Tuesday, December 17, 2019
My Washington Times Review Of Nelson DeMille and Alex DeMille's 'The Deserter'
The Washington Times published my review of The Deserter.
Inspired by the strange case of Bowe Bergdahl, the U.S. Army sergeant who deserted his post in Afghanistan in 2009 and was subsequently captured by the Taliban and held captive until 2014, ”The Deserter” is a thriller about a U.S. Army officer who also deserts his post in Afghanistan and is held captive by the Taliban.
But the fictional Capt. Kyle Mercer is different in many ways from the real deserter. Mercer is an elite special operator who kills and beheads his captors on video and then looks into the camera and resigns his Army commission. Mercer resembles more the renegade Col. Kurtz character in Francis Ford Coppola’s film “Apocalypse Now” than the oddball Bergdahl.
In Nelson DeMille and Alex DeMille’s “The Deserter” two U.S. Army Criminal Investigation Division (CID) investigators are assigned the task of finding and bringing to justice the deserter, who has been identified as living in Venezuela.
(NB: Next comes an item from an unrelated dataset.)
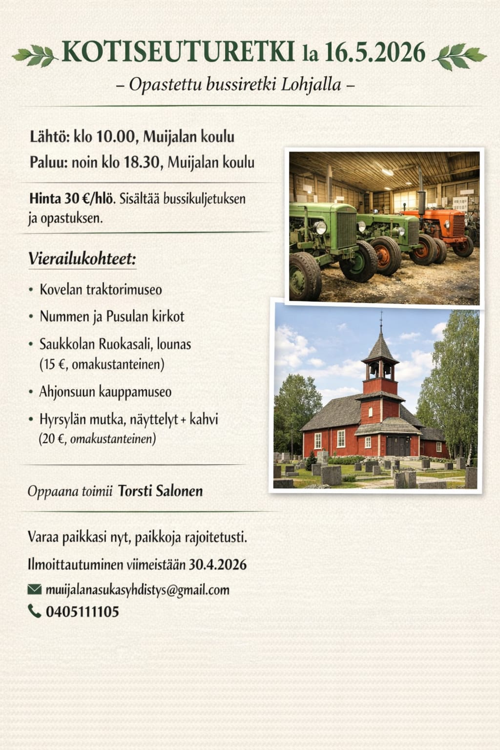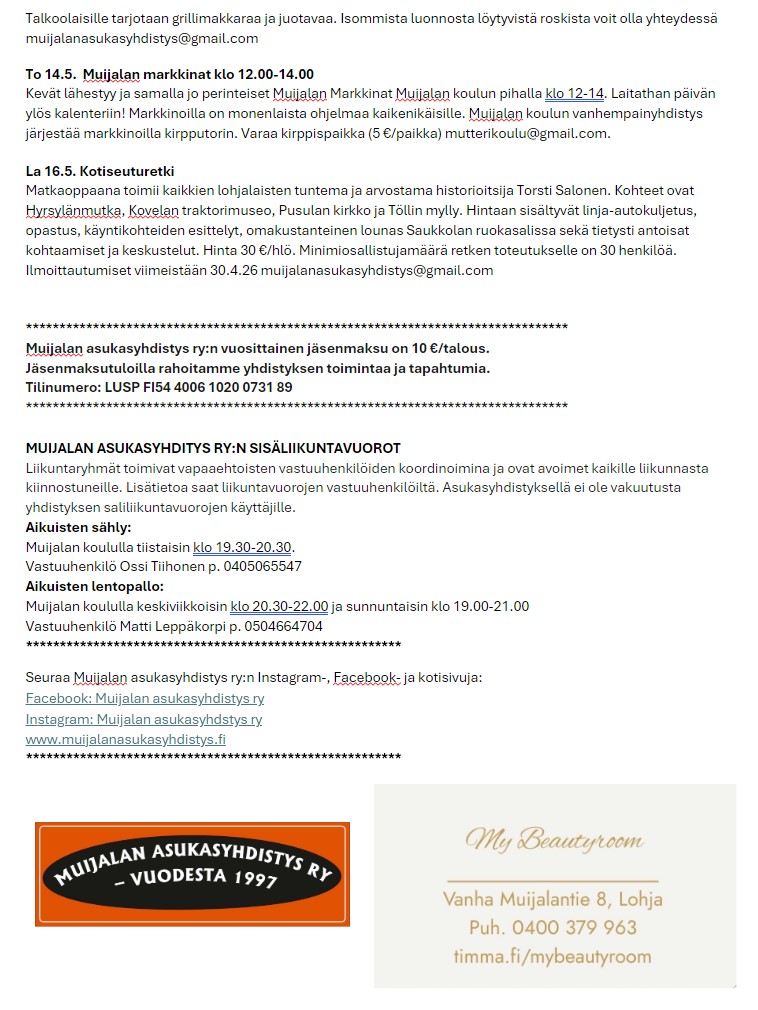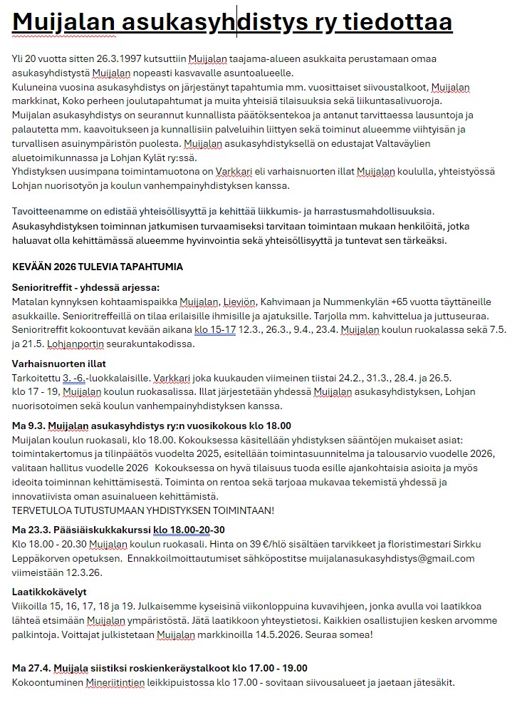 Muijalan asukasyhdistys tiedottaa, kevät 2026

The two investigators are Chief Warrant Officer Scott Brodie and Chief Warrant Officer Maggie Taylor.
“Brodie tried to recall what he knew about this case. Captain Kyle Mercer had been a member of the 1st Special Forces Operational Detachment — Delta, more famously known as Delta Force. He was the elite of the elite, one of the most potent weapons in the military’s arsenal, and the tip of the spear in the counterinsurgency campaign against the Taliban in Afghanistan,” the authors write.
“One night three years earlier, while stationed with a small team at a remote combat outpost in the rugged Hindu Kush, he walked off. According to his teammates, Captain Mercer must have left sometime after midnight. He took all his field gear with him, along with night vision goggles and his M4 rifle, but no one had actually seen him leave the outpost, and no one noticed he was missing until first light. Conclusion: He deserted.
“Desertion is rare. Desertion in a war zone like Afghanistan even rarer. And desertion in a war zone by an officer in an elite unit, unheard of.”
The desertion of Capt. Mercer is a mystery, a public relations nightmare and a major security risk, as he possessed in his head highly classified information about counterinsurgency operations. Capt. Mercer was a highly trained, experienced and well-regarded officer. All his teammates described him as a capable, competent, and brave commanding officer. Why a man like Capt. Mercer would desert is a mystery to the investigators.
“Captain Mercer was an enigma even before he walked off in the night into a rugged mountain range in one most dangerous and godforsaken corners of the earth,” Nelson DeMille and his son Alex DeMille tell us.